Personal information
- Full name: Wilfredo Barahona Euceda
- Date of birth: 31 January 1983 (age 43)
- Place of birth: El Negrito, Honduras
- Position: Right back

Team information
- Current team: Real España

Youth career
- ????–2005: Olimpia

Senior career*
- Years: Team / Apps / (Gls)
- 2005–2006: Broncos UNAH
- 2006–2011: Olimpia
- 2011–2012: Atlético Choloma / 3 / (0)
- 2012–present: Real España

International career^{‡}
- 2006–: Honduras / 7 / (0)

= Wilfredo Barahona =

Honduran footballer (born 1983)

Wilfredo "Will" Barahona Euceda (born 31 January 1983) is a Honduran footballer who used to play as an attacking or defending right back for Liga Nacional de Honduras club Real España.

==Career==

===Olimpia===
Barahona have started playing in his football career with Olimpia. His discipline problems have made him to play in the reserves of the team several times. Even though he can get violent, nobody can deny his great skills when on the field.

On 30 December 2009, Barahona was involved in an incident with a referee, Levi López: in a friendly match against Hispano, when Levi López showed him a second yellow card and being sent off, he didn't like the decision and punched the referee on the upper lip. Eventually he received a 2-month game ban, which effectively make him end the first-leg of the Clausura.

===Atlético Choloma===
On 7 August 2011, Barahona made his domestic league debut against his previous team, Olimpia in a 2-0 defeat.
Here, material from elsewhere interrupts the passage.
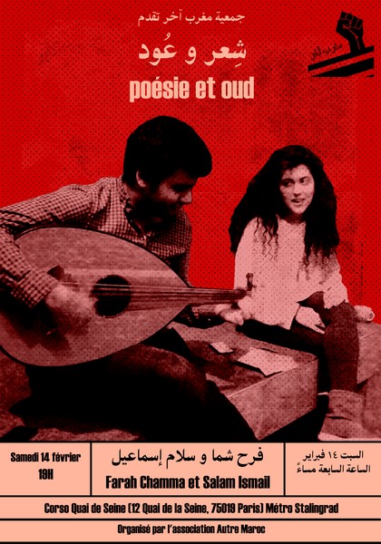 « Une fois n’est pas coutume, l’Association Autre Maroc – مغرب آخر propose un véritable voyage lyrique en compagnie de deux jeunes artistes palestiniens engagés : la poétesse Farah Chamma et le joueur de oud Salam Ismail. Nous vous invitons à partager avec nous ces moments de convivialité autour des vers de Farah et du luth de Salam. Par ailleurs, dans le cadre d’un projet futur, l’Association Autre Maroc organise une collecte de livres de tout type, scolaires, littéraires ou autre, et en toute langue. Aidez nous en faisant don de ce que vous pouvez ! »

In August 2012, Barahona was sent off in one of his first games for new club Real España.

==International career==
Barahona made his debut for Honduras in an August 2006 friendly match against Venezuela and earned his second and final cap in a September 2006 friendly against El Salvador. He was then called up to participate in the 2014 Copa Centroamericana earning his third cap.